- **INSTRUCTIONS TO FOLLOW**: Search the data below for the word "there" and report how many lines contain it. Nothing but the number is needed.
=== SUPPLIED DATA ===
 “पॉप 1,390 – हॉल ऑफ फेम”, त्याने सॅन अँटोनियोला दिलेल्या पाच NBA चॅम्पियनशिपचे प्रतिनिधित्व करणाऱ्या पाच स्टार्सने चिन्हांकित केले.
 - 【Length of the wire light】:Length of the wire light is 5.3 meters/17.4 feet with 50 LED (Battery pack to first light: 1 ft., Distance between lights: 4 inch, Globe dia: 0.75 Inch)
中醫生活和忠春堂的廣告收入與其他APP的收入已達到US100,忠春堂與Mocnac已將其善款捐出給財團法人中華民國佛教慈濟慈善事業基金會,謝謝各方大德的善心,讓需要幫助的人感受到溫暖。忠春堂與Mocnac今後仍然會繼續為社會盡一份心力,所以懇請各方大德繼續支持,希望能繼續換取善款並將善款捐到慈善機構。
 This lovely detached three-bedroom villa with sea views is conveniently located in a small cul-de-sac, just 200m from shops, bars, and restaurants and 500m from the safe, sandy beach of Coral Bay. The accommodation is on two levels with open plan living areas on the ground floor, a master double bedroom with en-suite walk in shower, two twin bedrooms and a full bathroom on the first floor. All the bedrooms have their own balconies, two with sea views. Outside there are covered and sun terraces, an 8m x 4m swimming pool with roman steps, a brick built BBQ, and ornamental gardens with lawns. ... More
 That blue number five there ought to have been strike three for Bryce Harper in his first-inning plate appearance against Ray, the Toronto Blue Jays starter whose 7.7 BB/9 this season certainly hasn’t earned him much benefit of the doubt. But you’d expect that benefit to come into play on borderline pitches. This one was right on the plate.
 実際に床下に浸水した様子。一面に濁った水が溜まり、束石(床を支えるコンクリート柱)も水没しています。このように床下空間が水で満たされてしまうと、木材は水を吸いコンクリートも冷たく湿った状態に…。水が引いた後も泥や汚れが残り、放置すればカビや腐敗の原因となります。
===
- **RESULT OF THIS EXERCISE**: 2